Another (obviously working) file looks like that:

<annotation>
	<folder>hat01</folder>
	<filename>000257.jpg</filename>
	<path>D:\dataset\hat01\000257.jpg</path>
	<source>
		<database>Unknown</database>
	</source>
	<size>
		<width>600</width>
		<height>441</height>
		<depth>3</depth>
	</size>
	<segmented>0</segmented>
	<object>
		<name>hat</name>
		<pose>Unspecified</pose>
		<truncated>0</truncated>
		<difficult>1</difficult>
		<bndbox>
			<xmin>363</xmin>
			<ymin>43</ymin>
			<xmax>397</xmax>
			<ymax>77</ymax>
		</bndbox>
	</object>
</annotation>

That appears to be identlical to me. It only differs for filename / path, size and coordinates of the bbox.

Regards
Florian

Hmm I’m not sure about it, and why that would be. As you pointed out, both XML annotations seem fine. Glad you got it running though!

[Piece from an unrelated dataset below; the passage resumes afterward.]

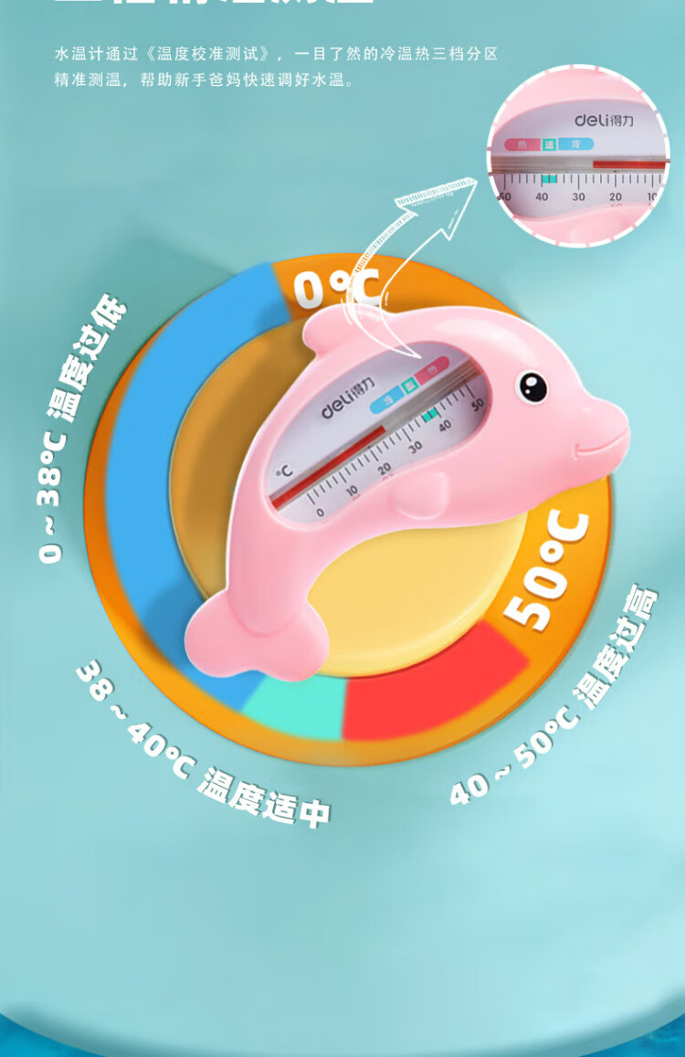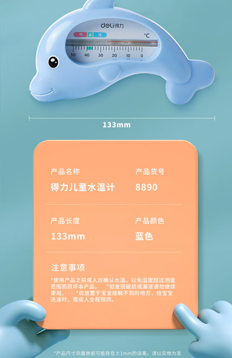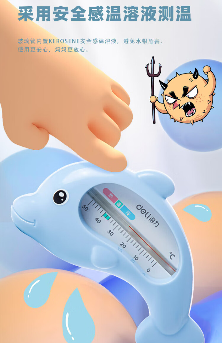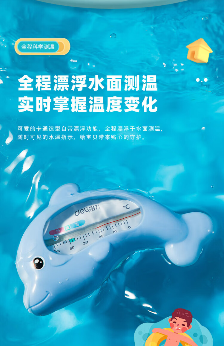 Deli children's water thermometer baby bath thermometer accurate temperature measurement dolphin shape childlike and cute blue 8890
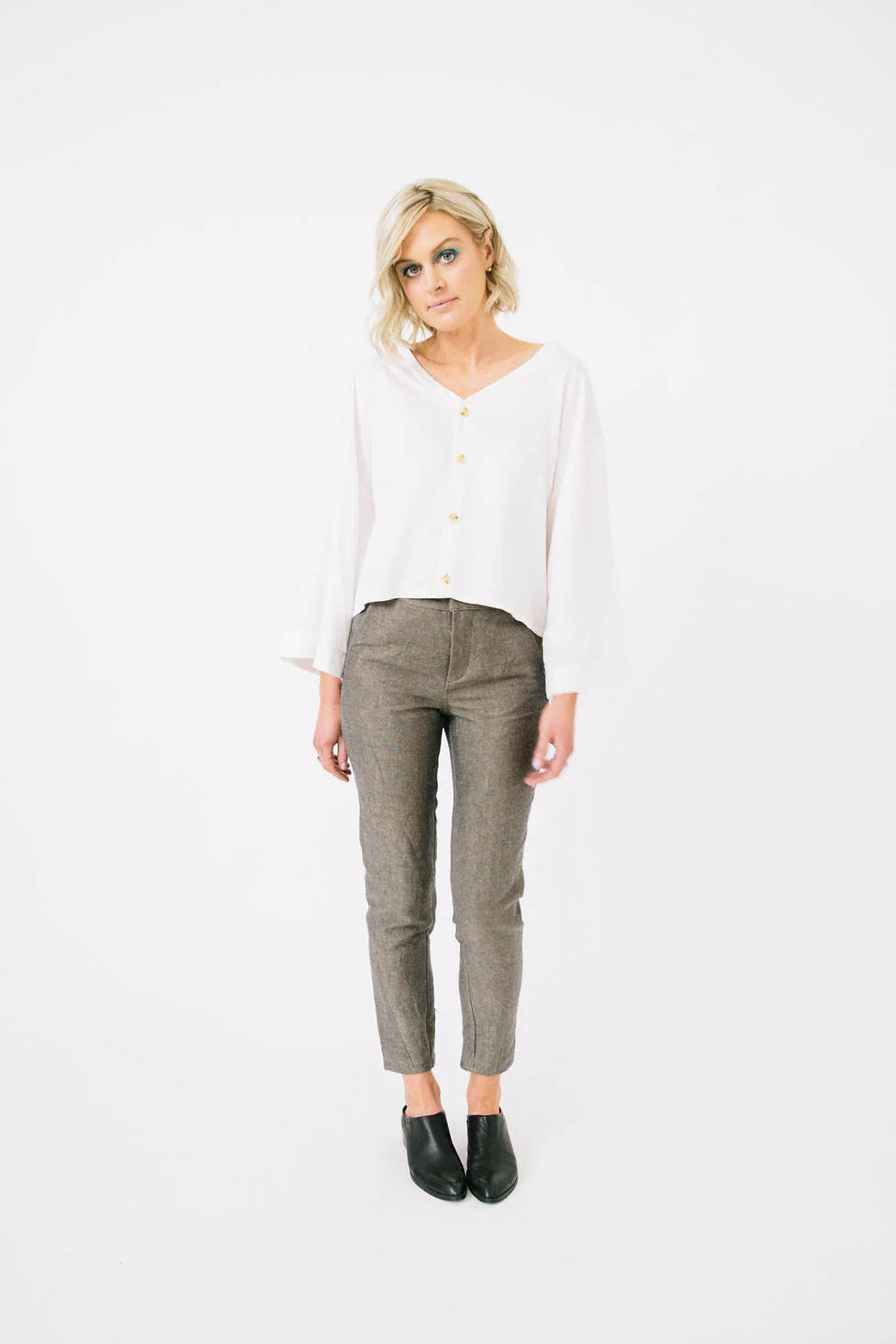 A versatile long sleeve blouse for any occasion. The button up V-neck can be worn to the front or the back. Choose between a shirt tail hemline or a cropped straight hem, and select your favourite sleeve option – a wide airy shape, or a cuffed and gathered sleeve with a button fastening. Whichever your preferred style, the Nexus will be your go-to blouse all year round.

BTW you can comment that line of code back out again now, so your console isn’t flooded with messages when you are training.

I did already and restarted training (also with higher batch size). Training finished and inference works just fine.
Thanks for your support!

No problem @Florian_Faltin, happy you got it working!